■ ACTIVITY:
Print only the lines from the top of the data through the line with "为延续历年行业联谊传统,深化", both included, skipping every picture.

━━━ DATA UNDER STUDY ━━━

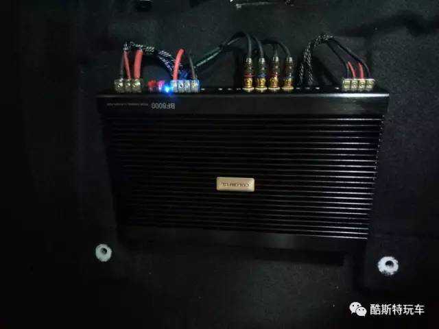 卡莱bf8000四路功放安装在副驾驶座椅底下,不占用空间,方便调试。
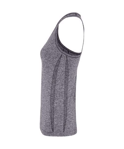 Seamless vest. Contrast detailing. Wicking fabric. Body sculpting design detailing. We recommend using block out vinyl and inks.Product contains no branded neck or waist label. Removable Kimble or looped garment tags. Inner seam label holds important product information on one label with a second label containing brand information which can be cut-away.
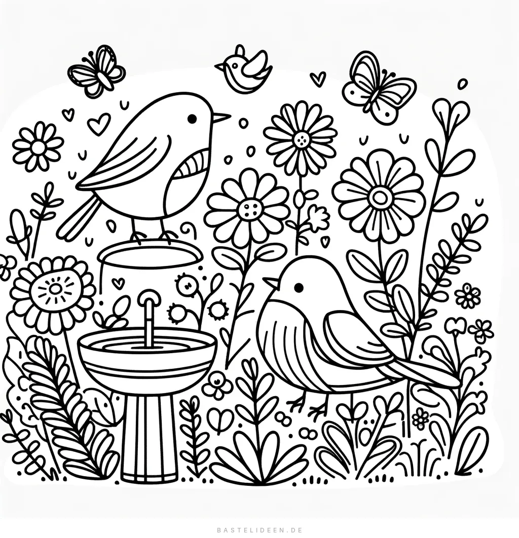 Dieses bezaubernde Ausmalbild zeigt eine lebendige Gartenszene mit zwei Vögeln, die ein Vogelbad geniessen, umgeben von blühenden Blumen und flatternden Schmetterlingen.
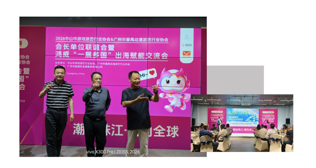 为延续历年行业联谊传统,深化协会与企业之间的沟通联结,同步抢抓游乐行业全球化发展机遇,4月10日,“潮起珠江·涌向全球——2026 中山市游戏游艺行业协会&广州市番禺动漫游艺行业协会会长单位联谊会暨鸿威‘一展多国’出海赋能交流会”在广州成功举办。
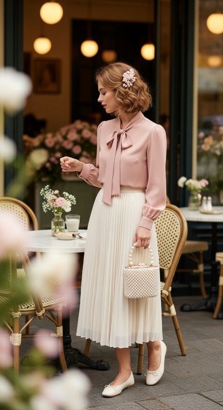 A blush ribbon-tie blouse paired with a cream pleated midi skirt creates romantic coordination for feminine summer days. The delicate ribbon bow adds sweet detailing while the pleated skirt provides graceful movement with every step. Style with ballet flats and a pearl-handle bag for polished daytime elegance. Add a floral hairpin and soft curls for cohesive romantic styling. This combination celebrates classic femininity with modern sensibility. Perfect for afternoon teas or garden visits.
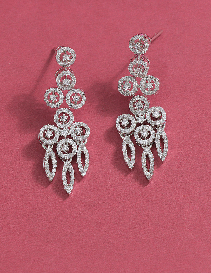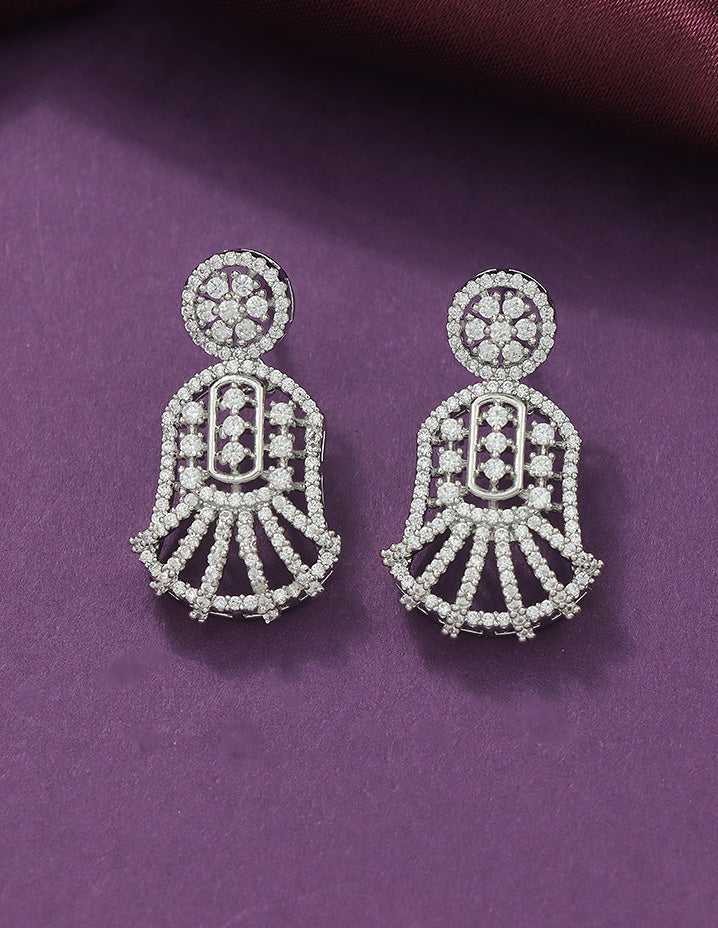 This Designer Zirconia Elegance Necklace Set features sparkling white stones enhanced by a durable rhodium polish. Its refined craftsmanship adds a sophisticated glow to any ensemble.
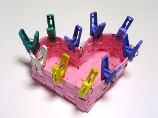 | ◆底たてを編みこむ (8)となりのテープと互い違いになるように交互 に差込む。 上下が同じ長さ残るようする。 (G)底たてテープ 34cm×1本 28cm×2本 (9)外回りをボンドで止める。 *ここで底の完成です。洗濯バサミをはずして 電話帳などの重石をのせて、 まっすぐにしっかりと乾かしましょう。 |
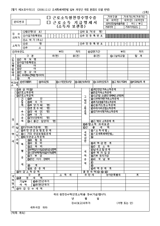 9,000원/월근로소득원천징수영수증,근로소득지급명세서(개정2008.12.12) 서식입니다.
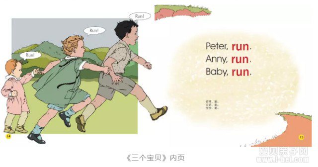 比如《三个宝贝》,只有两个重点词:see和run。
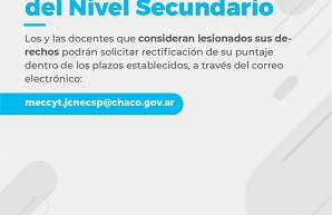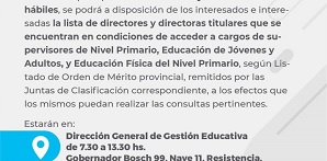 Locales | El Ministerio de Educación del Chaco, a través de la Junta de Clasificación del Nivel Secundario de las regionales 1, 2, 3, 4, 8 y 9 -sede Sáenz Peña- comunica que a partir del lunes 25 de abril y por 10 días hábiles se llevará a cabo el período de tachas para el llamado a designación de cargos de supervisores interinos y/o suplentes de:
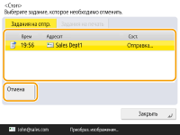 (Стоп) на панели управления, пока обрабатывается задание отправки/факса и отображается экран <Факс>/<Сканировать и отправить>, появится всплывающий экран, который напрямую отменяет текущее задание. Когда выполняется несколько заданий, можно выбрать, какое задание следует отменить: последнее выполненное или отправляемое в данный момент. (<Задание, отменяемое при нажатии клавиши Стоп>)Если имеется задание, начатое после нажатия
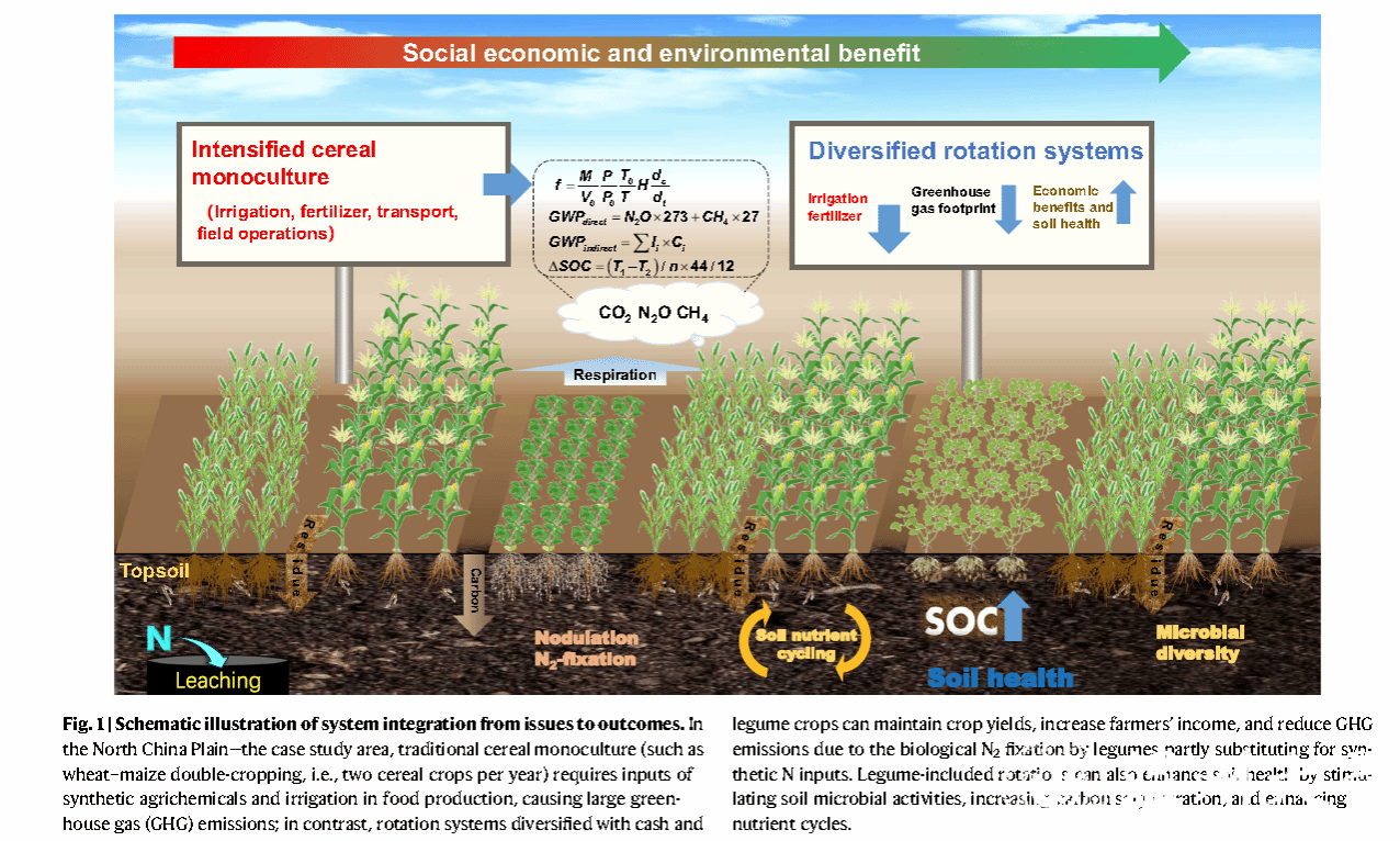 近日,澳门银河官网 甘延太院士团队和中国农业大学、海南大学、中国科学院南京土壤研究所、中国科学院遗传与发育生物学研究所、康奈尔大学、西澳大学、丹麦奥胡斯大学和德国卡尔斯鲁厄理工学院共同合作在Nature Communications在线发表题为“Diversifying crop rotation increases food production, reduces net greenhouse gas emissions and improves soil health”的研究论文,澳门银河官网 甘延太院士为论文共同通讯作者。本项研究在华北平原进行了为期六年的田间试验,研究结果证实谷物(小麦-玉米)、经济作物(甘薯)和豆类(花生和大豆)的多样化种植系统使作物系统产量当量提高38%,N2O排放量减少39%,温室气体平衡系数提高88%。此外,包括豆类作物在内的轮作可以刺激土壤微生物活性,使土壤有机碳储量增加8%,土壤健康评估指数提高45%。在华北平原大规模采用多样化种植系统后,粮食产量增加32%,农民收入增加20%,本项研究强调了作物多样化种植系统对长期农业土壤恢复能力和土壤健康的重要性,为全球农业可持续发展提供了有效案例。
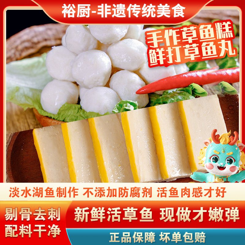 草鱼糕湖北荆州鱼糕鱼丸手工鱼丸火锅食材丸子湖北特产鱼糕麻辣烫
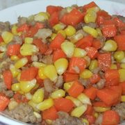 玉米、胡萝卜、三层肉、油、生抽、盐、鸡精。
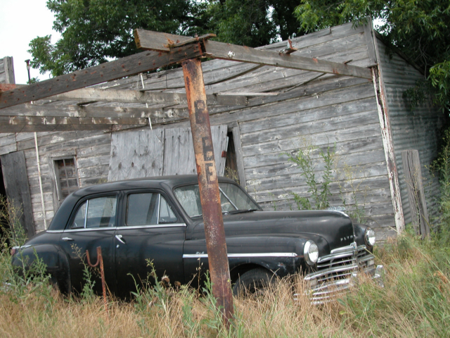 Then I noticed across the road was something equally interesting. It was a black Plymouth just sitting there waiting for a collector to discover it. Being that I was in Texas there was no sign of rust.

━━━

■ TASK RESULT:
 卡莱bf8000四路功放安装在副驾驶座椅底下,不占用空间,方便调试。
 Seamless vest. Contrast detailing. Wicking fabric. Body sculpting design detailing. We recommend using block out vinyl and inks.Product contains no branded neck or waist label. Removable Kimble or looped garment tags. Inner seam label holds important product information on one label with a second label containing brand information which can be cut-away.
 Dieses bezaubernde Ausmalbild zeigt eine lebendige Gartenszene mit zwei Vögeln, die ein Vogelbad geniessen, umgeben von blühenden Blumen und flatternden Schmetterlingen.
 为延续历年行业联谊传统,深化协会与企业之间的沟通联结,同步抢抓游乐行业全球化发展机遇,4月10日,“潮起珠江·涌向全球——2026 中山市游戏游艺行业协会&广州市番禺动漫游艺行业协会会长单位联谊会暨鸿威‘一展多国’出海赋能交流会”在广州成功举办。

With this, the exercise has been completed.